[Dataset entries]
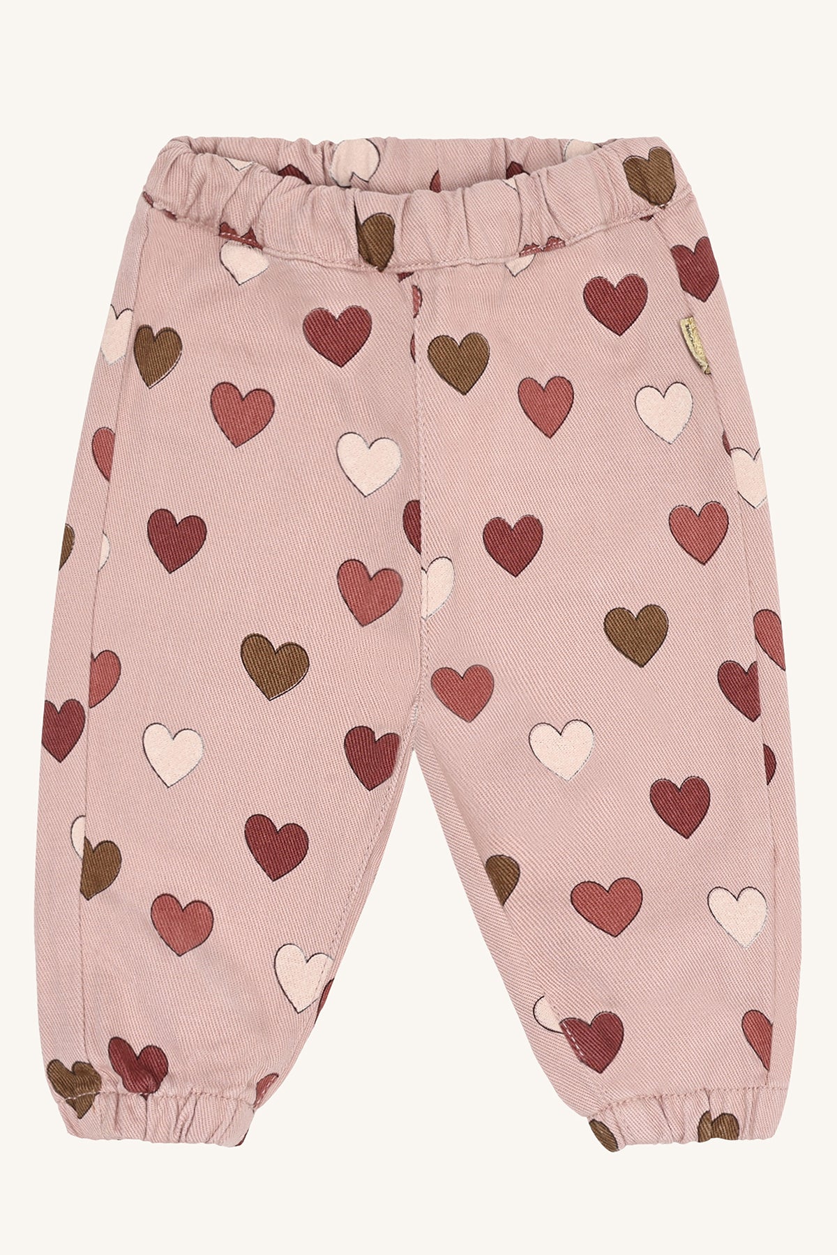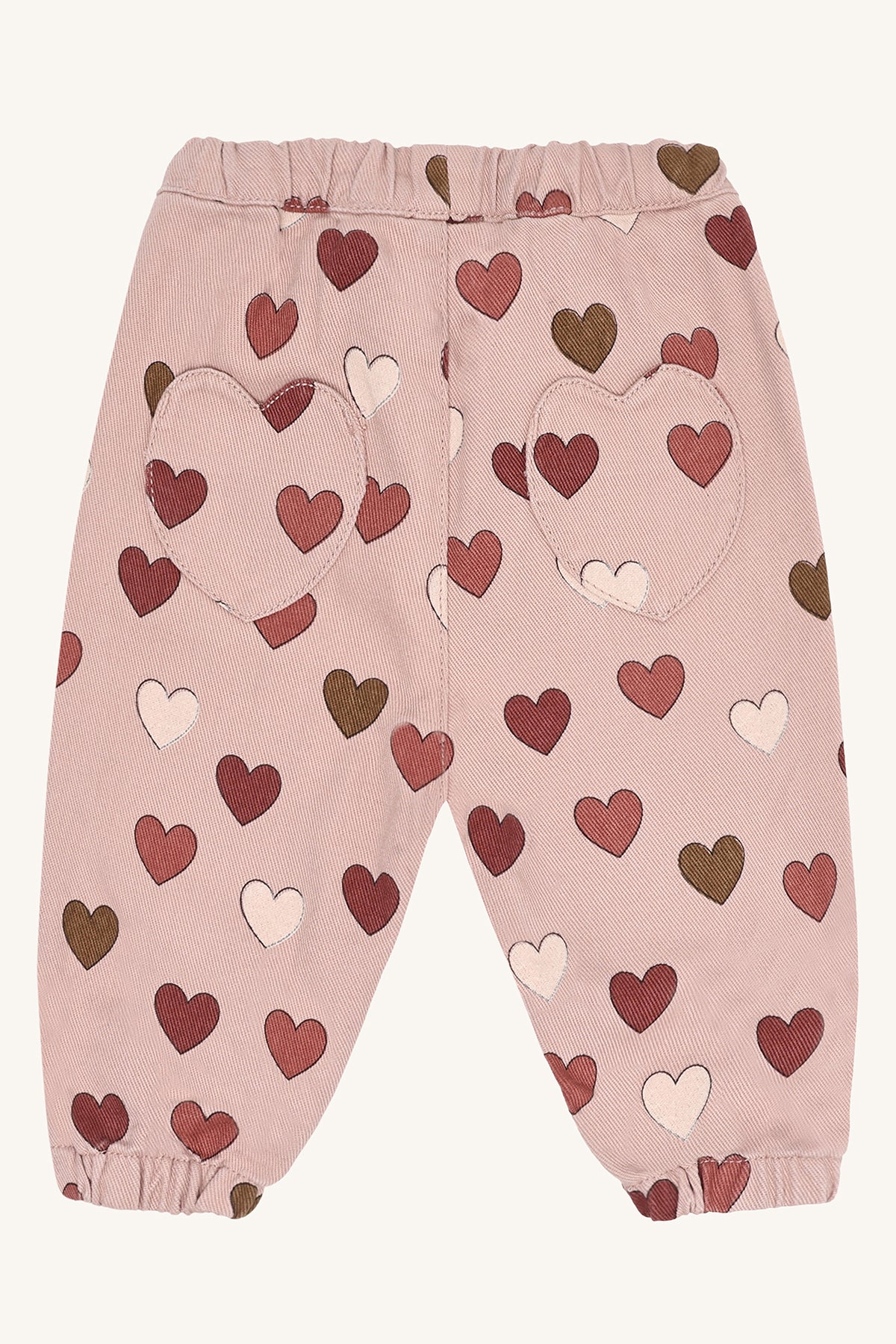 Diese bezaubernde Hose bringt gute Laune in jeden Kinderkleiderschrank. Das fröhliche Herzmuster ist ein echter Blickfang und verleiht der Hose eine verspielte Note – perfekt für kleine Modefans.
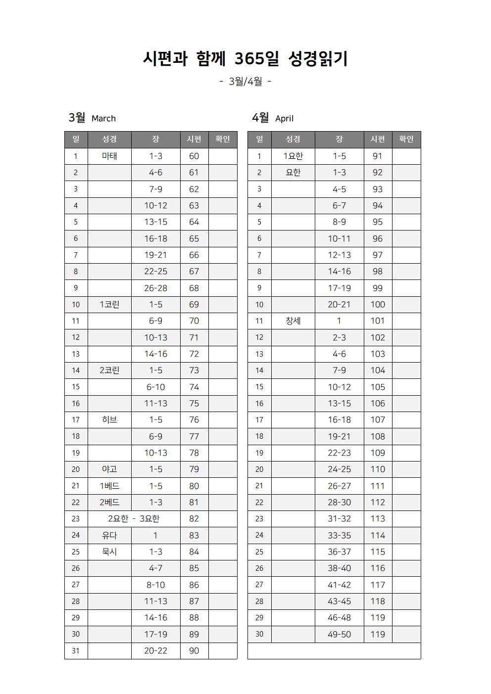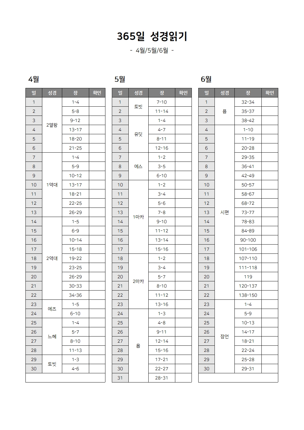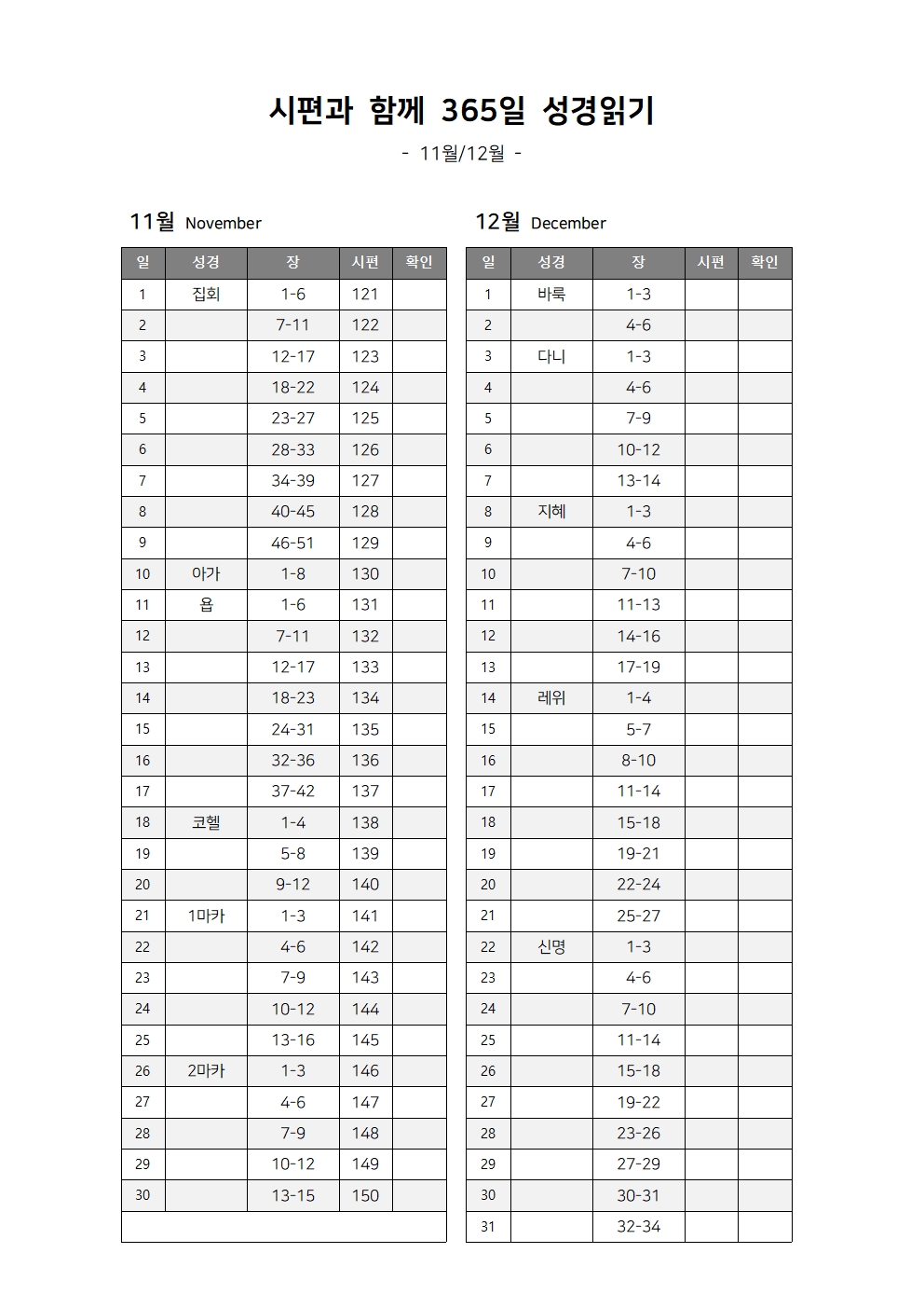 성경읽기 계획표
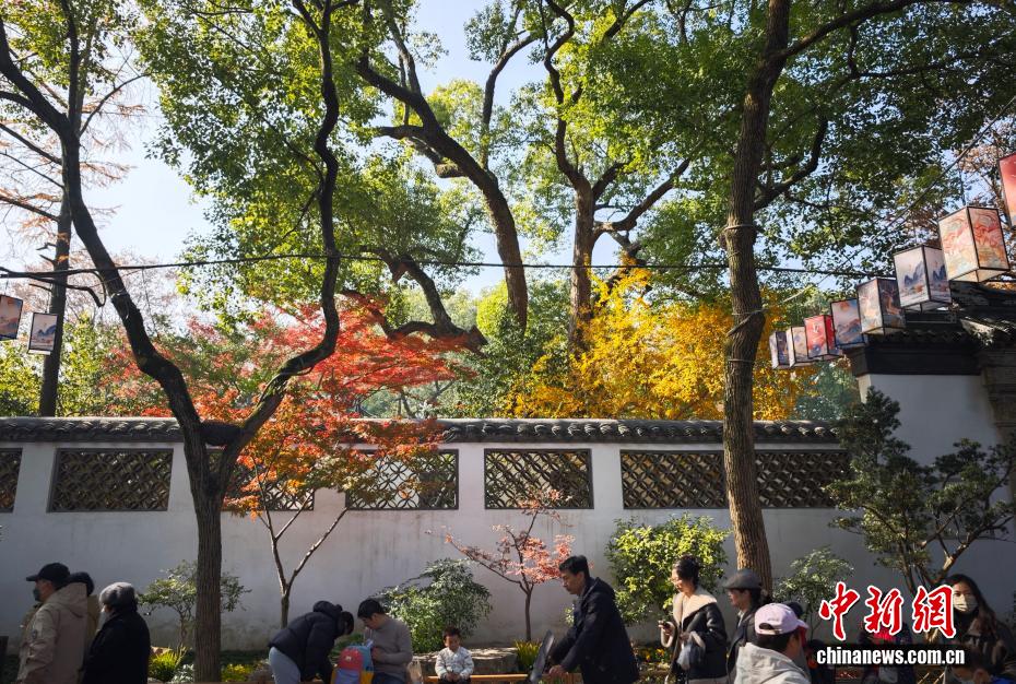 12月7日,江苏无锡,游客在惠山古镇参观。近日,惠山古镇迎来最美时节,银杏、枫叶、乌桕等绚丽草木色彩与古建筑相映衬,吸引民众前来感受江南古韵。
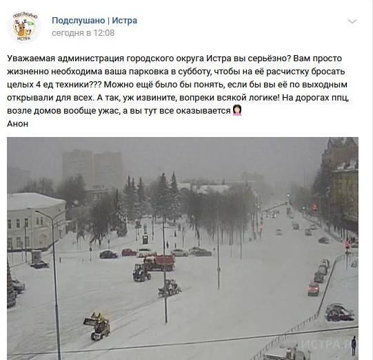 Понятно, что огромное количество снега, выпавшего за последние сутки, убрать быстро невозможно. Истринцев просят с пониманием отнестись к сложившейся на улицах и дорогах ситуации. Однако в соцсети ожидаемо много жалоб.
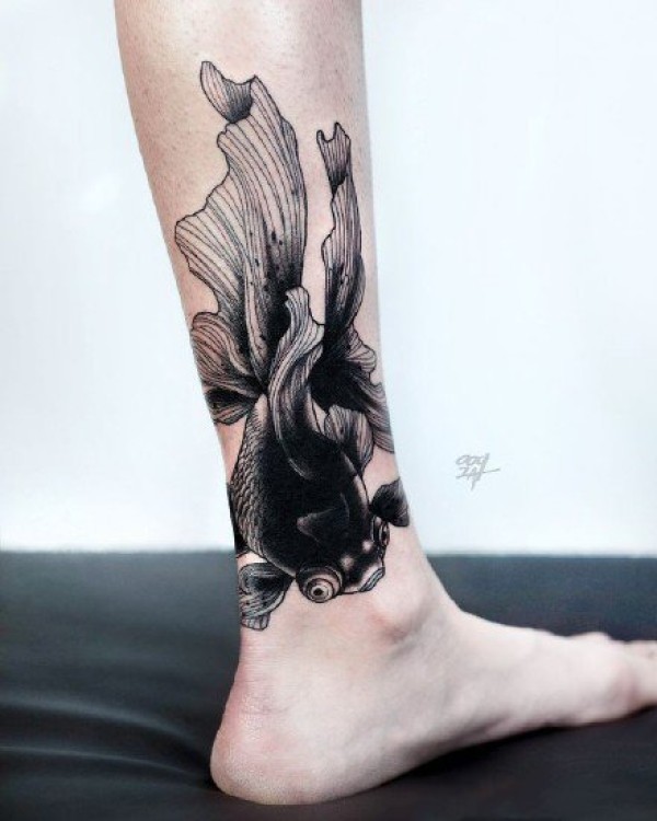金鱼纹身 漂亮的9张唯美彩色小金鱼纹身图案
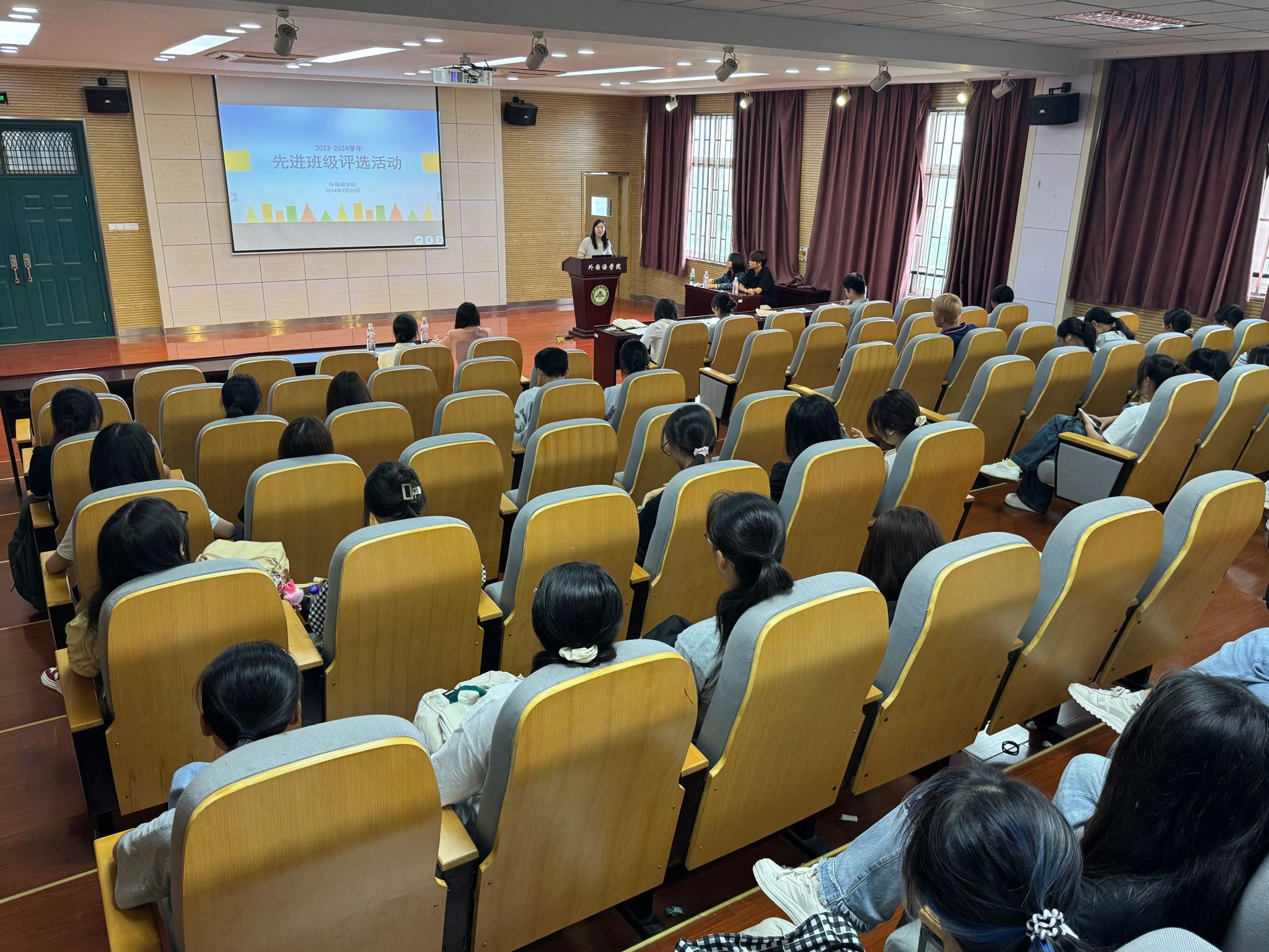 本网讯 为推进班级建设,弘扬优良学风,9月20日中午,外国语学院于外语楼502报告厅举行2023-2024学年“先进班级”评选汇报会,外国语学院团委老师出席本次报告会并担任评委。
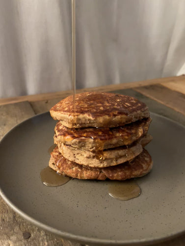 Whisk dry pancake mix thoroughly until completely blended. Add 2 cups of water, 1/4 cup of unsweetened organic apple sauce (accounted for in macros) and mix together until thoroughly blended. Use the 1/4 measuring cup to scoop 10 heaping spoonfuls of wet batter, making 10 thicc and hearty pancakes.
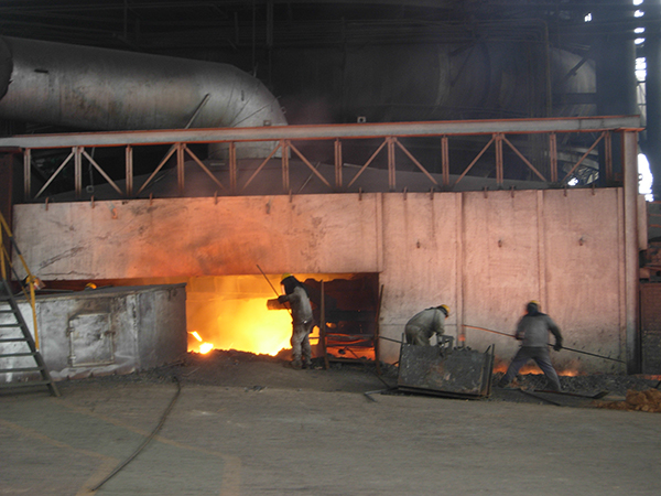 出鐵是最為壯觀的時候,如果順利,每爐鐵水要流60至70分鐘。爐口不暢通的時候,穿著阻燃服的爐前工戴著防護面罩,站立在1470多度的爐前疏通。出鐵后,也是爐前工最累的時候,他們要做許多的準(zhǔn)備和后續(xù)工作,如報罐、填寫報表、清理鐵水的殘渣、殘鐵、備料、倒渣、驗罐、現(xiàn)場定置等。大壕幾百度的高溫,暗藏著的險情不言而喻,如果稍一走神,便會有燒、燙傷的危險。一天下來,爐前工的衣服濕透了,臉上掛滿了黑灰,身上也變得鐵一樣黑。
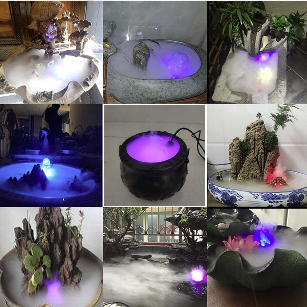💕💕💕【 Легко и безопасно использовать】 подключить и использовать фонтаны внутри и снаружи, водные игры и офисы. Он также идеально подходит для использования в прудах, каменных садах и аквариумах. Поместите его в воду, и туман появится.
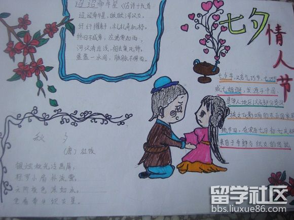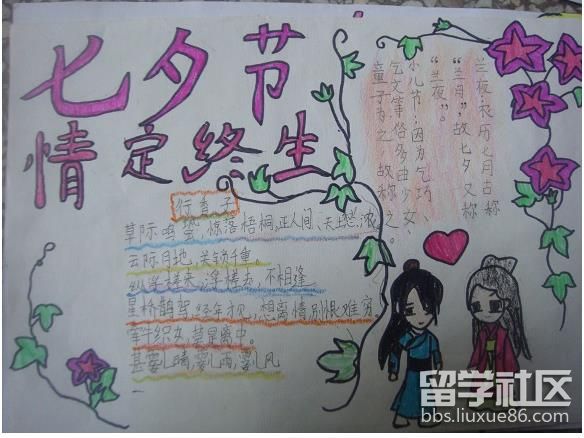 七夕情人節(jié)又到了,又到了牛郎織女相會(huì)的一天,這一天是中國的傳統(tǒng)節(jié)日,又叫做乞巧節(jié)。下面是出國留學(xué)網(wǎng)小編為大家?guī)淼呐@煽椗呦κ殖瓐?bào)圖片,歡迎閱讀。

### YOUR OBJECTIVE
Above are some records. Output exactly the lines from the one that contains "12月7日,江苏无锡,游客在" to the one that contains "本网讯 为推进班级建设,弘扬", keeping both, and omit the pictures.

### WRITTEN RESPONSE
 12月7日,江苏无锡,游客在惠山古镇参观。近日,惠山古镇迎来最美时节,银杏、枫叶、乌桕等绚丽草木色彩与古建筑相映衬,吸引民众前来感受江南古韵。
 Понятно, что огромное количество снега, выпавшего за последние сутки, убрать быстро невозможно. Истринцев просят с пониманием отнестись к сложившейся на улицах и дорогах ситуации. Однако в соцсети ожидаемо много жалоб.
金鱼纹身 漂亮的9张唯美彩色小金鱼纹身图案
 本网讯 为推进班级建设,弘扬优良学风,9月20日中午,外国语学院于外语楼502报告厅举行2023-2024学年“先进班级”评选汇报会,外国语学院团委老师出席本次报告会并担任评委。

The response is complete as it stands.